Rush University Medical Center is the only hospital in Illinois—and one of only a few nationwide—using cartilage transplants to repair damaged shoulder joints, the facility says.
“For a long time surgeons have been looking for an alternative to joint replacement that is more effective than simply cleaning out the joint arthroscopically. In cartilage restoration, we re-grow fresh tissue or use donated tissue. It’s an exciting and promising new treatment for damaged joints, now including the shoulder,” says Brian Cole, MD, an orthopedic surgeon at Rush who specializes in cartilage restoration of the joints.
Conservative treatment for cartilage defects in the shoulder, as for any joint, includes physical therapy, anti-inflammatory medications, and steroid injections. If these treatments are ineffective, arthroscopy has traditionally been the alternative of choice. But arthroscopy often provides only temporary relief, since the underlying damage to the cartilage is not corrected.
In cartilage restoration of the shoulder, the injured tissue is replaced with healthy cartilage from either the patient’s own body or a donor cadaver.
The procedure is intended for young, active patients. For these individuals, metal and plastic prostheses are generally not recommended because the components wear out over time, requiring a second, more complicated surgery.
At the age of 22, Brynn O’Keefe underwent what is called an autologous chondrocyte implantation, using her own knee tissue. “I know it sounds corny,” O’Keefe says, “but the surgery changed my life.”
Brynn had injured her left shoulder when she fell from the uneven bars in a high school gymnastics meet. Besides the stabbing pain she experienced, as well as numbness and tingling down her arm, her shoulder would dislocate several times a day. Her arm movement was so restricted that she couldn’t even brush her hair.
Cole removed healthy cartilage cells from her knee, which were then grown in a specialized tissue repair laboratory at Genzyme Corporation to create millions of new cells. In a second surgery, Cole cleaned out the defective cartilage and covered the resulting hole with a patch—a piece of periosteum, the thin material that envelops bone. He then inserted the cultured cartilage cells under the patch, where they continued to multiply and integrated with the surrounding tissue.
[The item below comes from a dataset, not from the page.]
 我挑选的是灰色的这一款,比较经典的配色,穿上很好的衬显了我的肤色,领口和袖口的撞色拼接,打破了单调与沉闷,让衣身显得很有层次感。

Brynn said that she can now play baseball with her 5-year-old stepson and even do cartwheels and handstands.
In cases where more extensive damage involves both bone and cartilage, Cole employs a procedure called osteochondral allograft transplantation. In this procedure, the defect is filled in with a cylinder of healthy tissues extracted from a donor cadaver.
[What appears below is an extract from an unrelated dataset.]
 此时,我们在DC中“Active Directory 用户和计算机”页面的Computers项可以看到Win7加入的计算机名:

Cartilage transplants in the shoulder are less common than those for the knee in part because shoulder pain is more often caused by tendonitis or tears in the soft cartilage or shoulder muscles rather than by damage to the cartilage. Patients also tolerate shoulder pain better than knee pain.
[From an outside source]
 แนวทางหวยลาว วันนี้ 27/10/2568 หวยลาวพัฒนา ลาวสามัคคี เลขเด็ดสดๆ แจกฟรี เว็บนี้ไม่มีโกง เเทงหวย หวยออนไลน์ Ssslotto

“But for younger patients in severe pain, with limited movement because of cartilage injury or wear, transplants are a new and emerging option that can help them return to an active lifestyle,” Cole says.
Cole has numerous years of experience in tissue repair and heads the Cartilage Restoration Center at Rush, a multidisciplinary program specializing in the restoration of articular cartilage and meniscal deficiency. He has authored numerous peer-reviewed studies on the subject and teaches the surgical techniques to physicians in the United States and abroad.
Rush University Medical Center’s orthopedics program ranks tenth in the nation, according to U.S. News & World Report. Physicians from Rush serve as the team physicians for the Chicago Bulls and the Chicago White Sox.